--- START ---

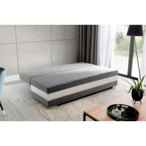 Dotaz na produkt Na splátky ještě dnesCalia je jednoduchá a vkusná pohovka o rozměrech 195 x 91 x 83 cm, která je stvořena pro milovníky minimalistických provedení. Je ideální pro relaxaci ve dne i v noci, protože může mít podobu postele o rozměrech 195 x 140 cm. Za zmínku stojí také prostorný úložný prostor na ložní prádlo a další dekorativní polštáře. Náš kus nábytku je laděn v jednotném odstínu, který je prolomen širokým pruhem procházejícím spodní částí sedáku. Kromě designového provedení stojí za zmínku i výplň naší pohovky, jejíž sedák je vybaven vlnitou pružinou a pěnou T25. Calia zaujme svou jednoduchostí a minimalismem s charakterem. Kombinuje maximální pohodlí s útulnými prvky, které budou perfektní výplní každého bytu.Látky: Sawana 21, Soft 17, Jungle 32
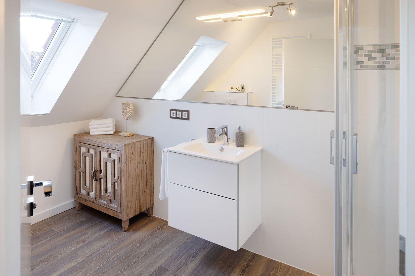 Das Appartement verfügt über zwei separate Schlafzimmer, jeweils mit Fernseher ausgestattet, und bietet damit ausreichend Platz und Komfort für Paare oder Familien. Das moderne Badezimmer mit Dusche ergänzt das Raumangebot und sorgt für zusätzlichen Wohnkomfort.
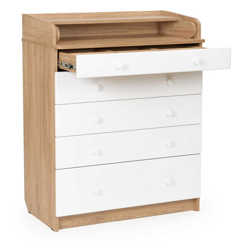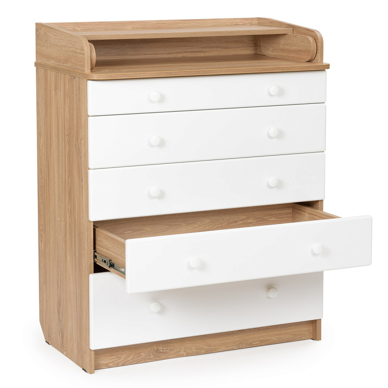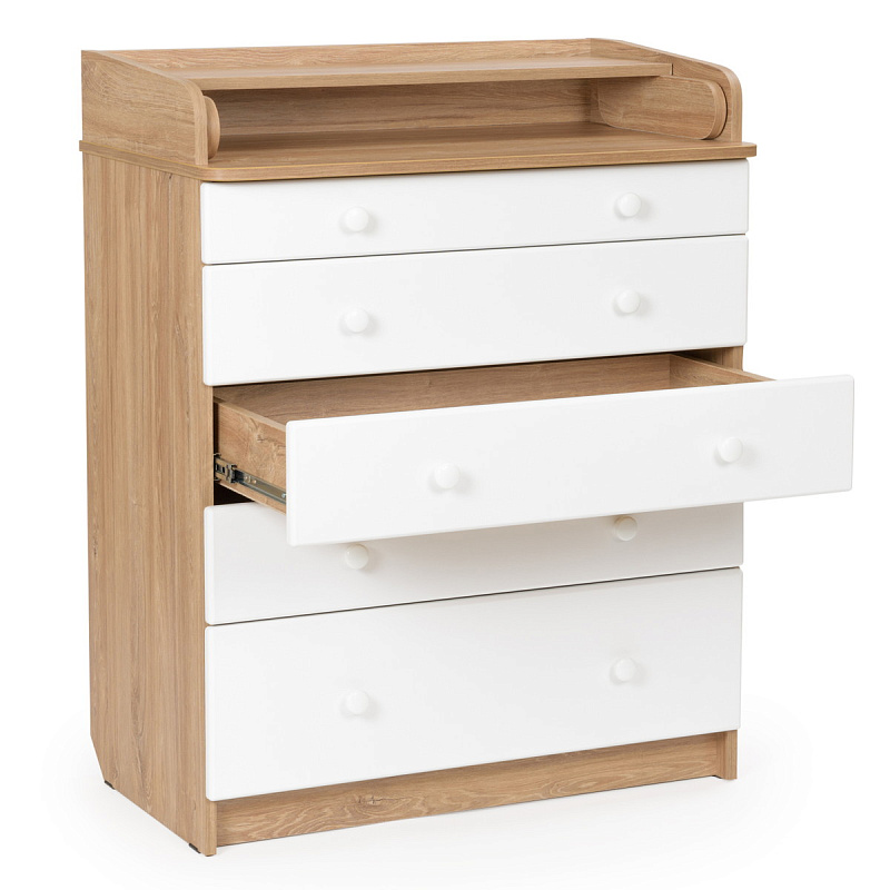 Детский комод BEBIZARO MODERN NEW (5 ящиков) - Каждый родитель знает, при рождении ребёнка на сколько важно иметь под рукой детские вещи и принадлежности. В таком случае их незаменимый помощник становится детский комод BEBIZARO. Комод BEBIZARO можно разместить в любом удобном месте. Это незаменимый предмет в доме, выступающий не только в роли шкафа для детских вещей, но и как пеленальный столик и место для переодевания ребёнка. Удобный и практичный комод с 5-я ящиками позволит значительно сэкономить пространство и разместить все необходимое для вашего ребёнка, детские вещи, подгузники, средство для гигиены. Комод оборудован пеленальным столиком с простым и надежным механизмом раскладывания, 5-ть вместительных ящика.
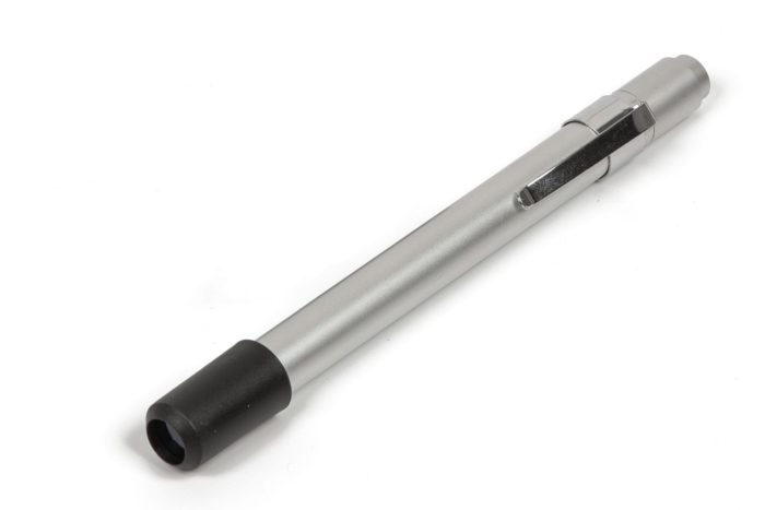 Torch with cobalt filter. Diagnostic torch made of anodised aluminium shinny finish, with cobalt filter (blue light) and metal clip for fastening. Switched on by push button. Color availability: silver and black.
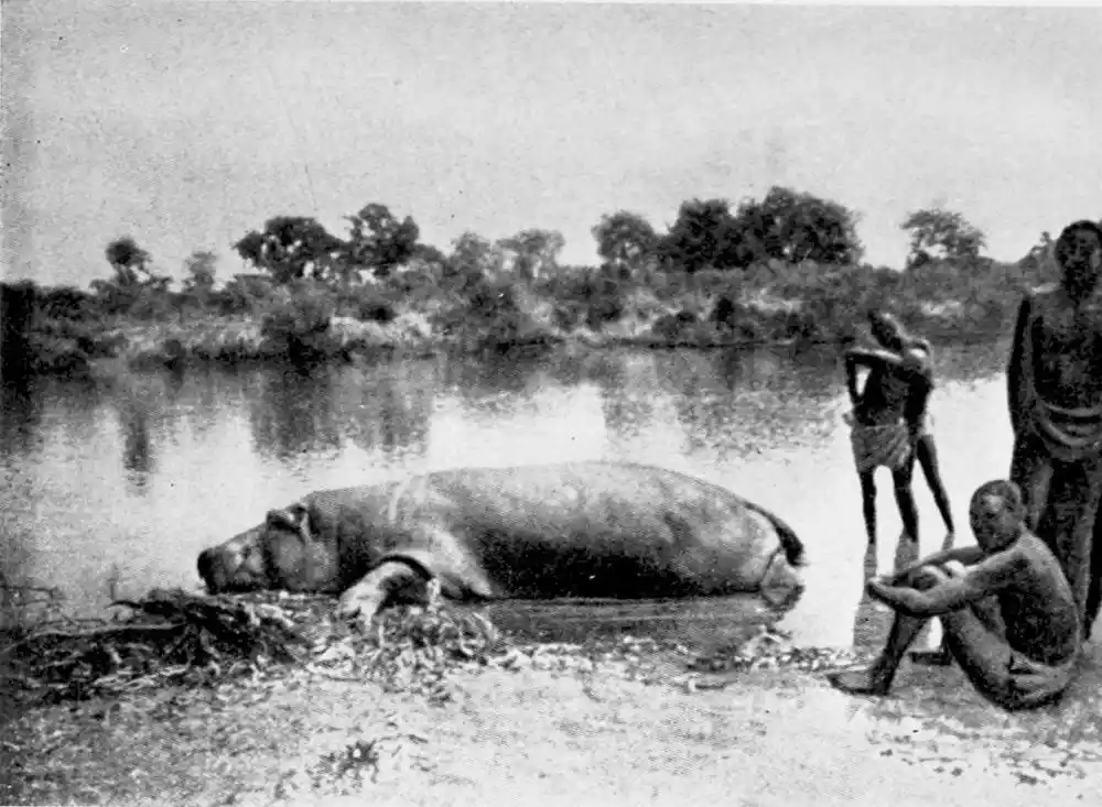 “There is no village within many miles of this place, and it was only with the greatest difficulty that we could obtain guides, as there are no tracks except those made by the larger game. The inhabitants of the pools were thoroughly startled at our approach. There seemed to be a sort of collusion between the different birds and beasts. The shrieking ibis warned the alligators asleep on the rocks in{72} the sun, they, in alarm, slid into the water and warned the river-horse that something was amiss; the river-horse in his turn went pounding up-stream, under water, coming up to breathe at intervals behind the rocks and branches. The snorting was terrific. We estimated that there were between thirty and forty hippopotami in the largest pool. I have never seen a wilder-looking place; it seemed to be alive with everything except humanity.
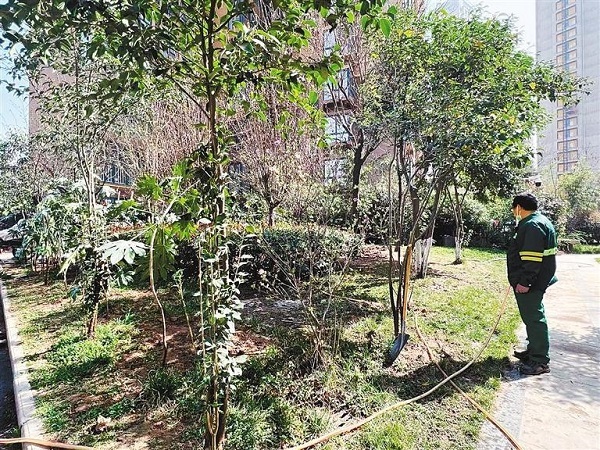 几天前,因为风憬天下小区东区9号楼下有人在公共绿地堆放废品,小区居民意见还颇深。3月12日,记者再去现场,发现这里已经焕发新颜。在植树节前夕,长安区韦曲街道府北社区对这里进行了绿化翻修。昔日的“垃圾场”摇身一变,成了名副其实的“后花园”。

--- END ---

What you will do
Reproduce the listing exactly, minus its pictures.

Response to the exercise
 Dotaz na produkt Na splátky ještě dnesCalia je jednoduchá a vkusná pohovka o rozměrech 195 x 91 x 83 cm, která je stvořena pro milovníky minimalistických provedení. Je ideální pro relaxaci ve dne i v noci, protože může mít podobu postele o rozměrech 195 x 140 cm. Za zmínku stojí také prostorný úložný prostor na ložní prádlo a další dekorativní polštáře. Náš kus nábytku je laděn v jednotném odstínu, který je prolomen širokým pruhem procházejícím spodní částí sedáku. Kromě designového provedení stojí za zmínku i výplň naší pohovky, jejíž sedák je vybaven vlnitou pružinou a pěnou T25. Calia zaujme svou jednoduchostí a minimalismem s charakterem. Kombinuje maximální pohodlí s útulnými prvky, které budou perfektní výplní každého bytu.Látky: Sawana 21, Soft 17, Jungle 32
 Das Appartement verfügt über zwei separate Schlafzimmer, jeweils mit Fernseher ausgestattet, und bietet damit ausreichend Platz und Komfort für Paare oder Familien. Das moderne Badezimmer mit Dusche ergänzt das Raumangebot und sorgt für zusätzlichen Wohnkomfort.
 Детский комод BEBIZARO MODERN NEW (5 ящиков) - Каждый родитель знает, при рождении ребёнка на сколько важно иметь под рукой детские вещи и принадлежности. В таком случае их незаменимый помощник становится детский комод BEBIZARO. Комод BEBIZARO можно разместить в любом удобном месте. Это незаменимый предмет в доме, выступающий не только в роли шкафа для детских вещей, но и как пеленальный столик и место для переодевания ребёнка. Удобный и практичный комод с 5-я ящиками позволит значительно сэкономить пространство и разместить все необходимое для вашего ребёнка, детские вещи, подгузники, средство для гигиены. Комод оборудован пеленальным столиком с простым и надежным механизмом раскладывания, 5-ть вместительных ящика.
 Torch with cobalt filter. Diagnostic torch made of anodised aluminium shinny finish, with cobalt filter (blue light) and metal clip for fastening. Switched on by push button. Color availability: silver and black.
 “There is no village within many miles of this place, and it was only with the greatest difficulty that we could obtain guides, as there are no tracks except those made by the larger game. The inhabitants of the pools were thoroughly startled at our approach. There seemed to be a sort of collusion between the different birds and beasts. The shrieking ibis warned the alligators asleep on the rocks in{72} the sun, they, in alarm, slid into the water and warned the river-horse that something was amiss; the river-horse in his turn went pounding up-stream, under water, coming up to breathe at intervals behind the rocks and branches. The snorting was terrific. We estimated that there were between thirty and forty hippopotami in the largest pool. I have never seen a wilder-looking place; it seemed to be alive with everything except humanity.
 几天前,因为风憬天下小区东区9号楼下有人在公共绿地堆放废品,小区居民意见还颇深。3月12日,记者再去现场,发现这里已经焕发新颜。在植树节前夕,长安区韦曲街道府北社区对这里进行了绿化翻修。昔日的“垃圾场”摇身一变,成了名副其实的“后花园”。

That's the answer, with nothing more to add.